The Collected Stories of Eudora Welty - Eudora Welty [124]
But the moment came when without meaning to she lifted her hand softly, and made a sign to Cornelia. She almost said her name.
And Cornelia—what was it she had called back across the street, the flash of what word, so furious and yet so frail and thin? It was more furious than even the stamping of her foot, only a single word.
Josie took her hand down. In a seeking humility she stood there and bore her shame to attend Cornelia. Cornelia herself would stand still, haughtily still, waiting as if in pride, until a voice old and cracked would call her too, from the upper window, "Cornelia, Cornelia!" And she would have to turn around and go inside to the old woman, her hair ribbon and her sash in pale bows that sank down in the back.
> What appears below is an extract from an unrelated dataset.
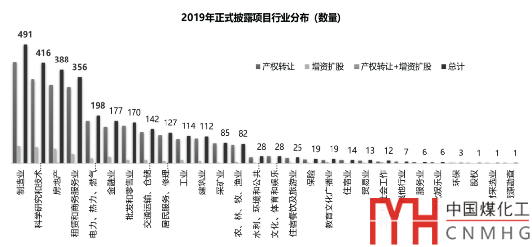 圖1 2019年國有產(chǎn)權(quán)交易所披露項(xiàng)目數(shù)量行業(yè)分布示意

Then for Josie the sun on her bangs stung, and the pity for ribbons drove her to a wild capering that would end in a tumble.
Will woke up with a yell like a wild Indian.
"Here, let me hold him," said his mother. Her voice had become soft; time had passed. She took Will on her lap.
Josie opened her eyes. The lightning was flowing like the sea, and the cries were like waves at the door. Her parents' faces were made up of hundreds of very still moments.
"Tomahawks!" screamed Will.
"Mother, don't let him—" Josie said uneasily.
"Never mind. You talk in your sleep too," said her mother
She experienced a kind of shock, a small shock of detachment, like the time in the picture-show when a little blurred moment of the summer's May Festival had been thrown on the screen and :here was herself, ribbon in hand, weaving once in and once out, a burning and abandoned look in the flicker of her face as though no one in the world would ever see her.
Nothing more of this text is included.